Comedy career
- Medium: Stand-up actor writer

= Benjamin Crellin =

Benjamin Crellin is a New Zealand comedian, actor and writer.

==Comedy==
He began his comedy career at 18 years old after attending the National Youth Drama School in the Hawkes Bay. He had originally signed up for an improv class but ended up attending a stand up class instead.
Crellin is mostly known for his dark stand up that addresses social-political and taboo topics. He has been described as being “like a cross between Lenny Bruce and Dennis Leary with an angry smart guy vibe that is all his own".

Crellin received the maximum allowable amount of four nominations for the Billy T Award comedy award in 2000, 2001, 2002 and 2003. Crellin won "Best Artist Achievement 2004" at the New Zealand Comedy Awards. In 2009, Crellin won the 3rd edition of Radio New Zealand’s Stand up and be counted in which competitors were taken to a random location a few hours before the live show, then they wrote 6 minutes of comedy material based on the location. Also in 2009, Crellin was nominated for the New Zealand Comedy Guild Awards Andrew Kovacevich memorial cup.

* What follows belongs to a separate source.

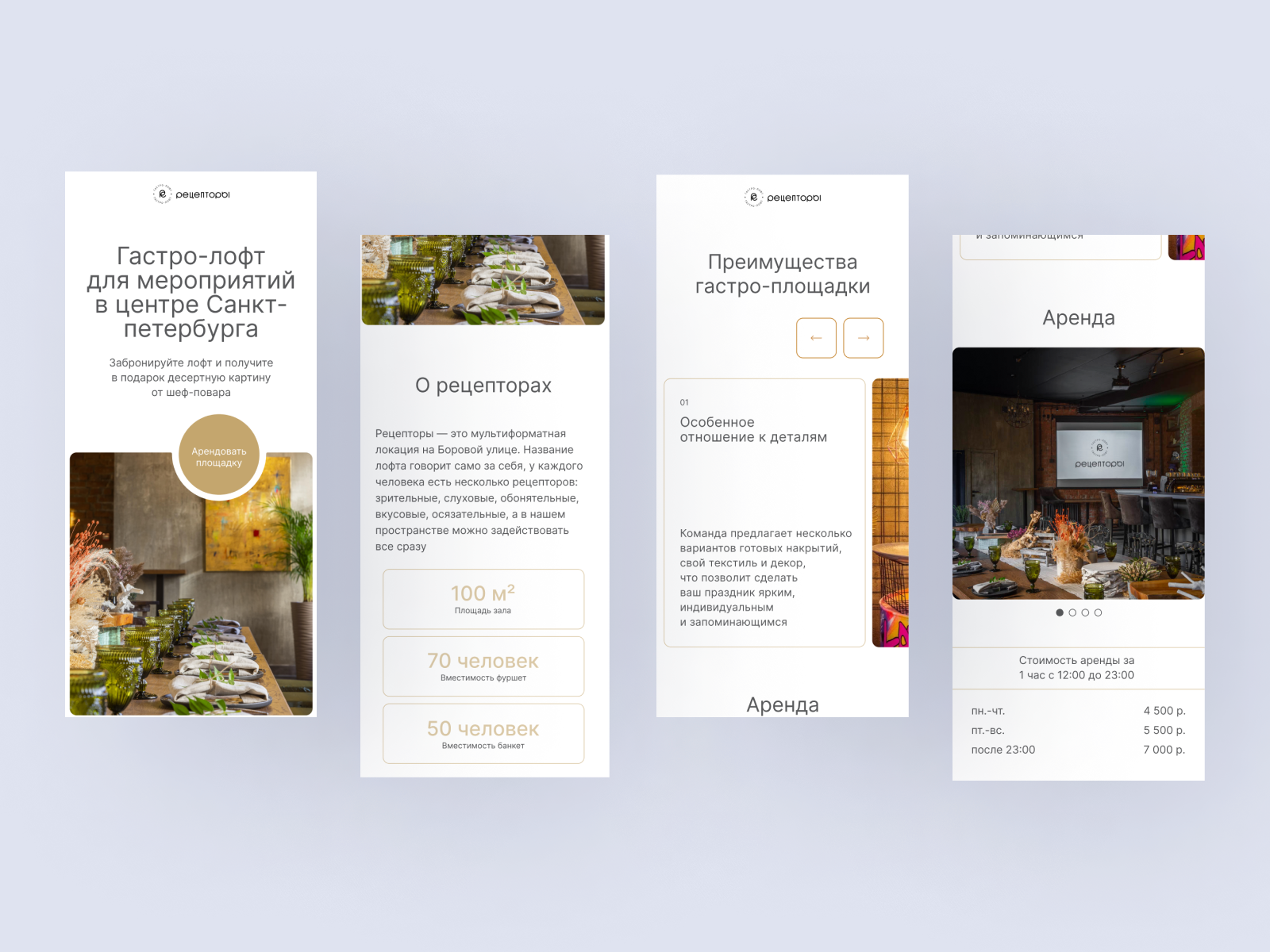 Заказчик шеф-повар и владелец гастро-лофта в Санкт-Петербурге. Необходимо создать дизайн-концепцию учитывая фирменный стиль площадки. Разработать продающую структуру учитывая потребность в продаже продукта — страница готовилась для рекламной кампании.
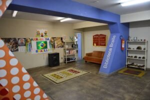A Biblioteca Braille dispõe de um acervo de mais de 50 mil obras entre livros digitalizados, livros falados, obras em Braille e filmes com audiodescrição. O espaço também disponibiliza estúdios de gravação, máquinas de escrever em Braille, computadores especiais, impressoras em Braille, scanners de voz e lupas eletrônicas.

Crellin co-authored his first book with Lee Baker entitled, Way Of The Jafa, a comprehensive guide to Auckland and Aucklanders. Published by Hachette New Zealand Ltd, in July 2004.

==TV appearances==
Crellin has appeared on New Zealand Television, including four Billy T Award showcase performances in 2000, 2001, 2002 and 2003, as well as 7 episodes of Pulp Comedy and 6 appearances for The International Comedy Festival Gala. His gala routine in 2004 portrayed Paul Holmes as Gollum and was featured on the show Eating Media Lunch as one of the best media moments of 2004. In Europe Benjamin performed as a guest comedian on the Dutch television show Raymond is Laat.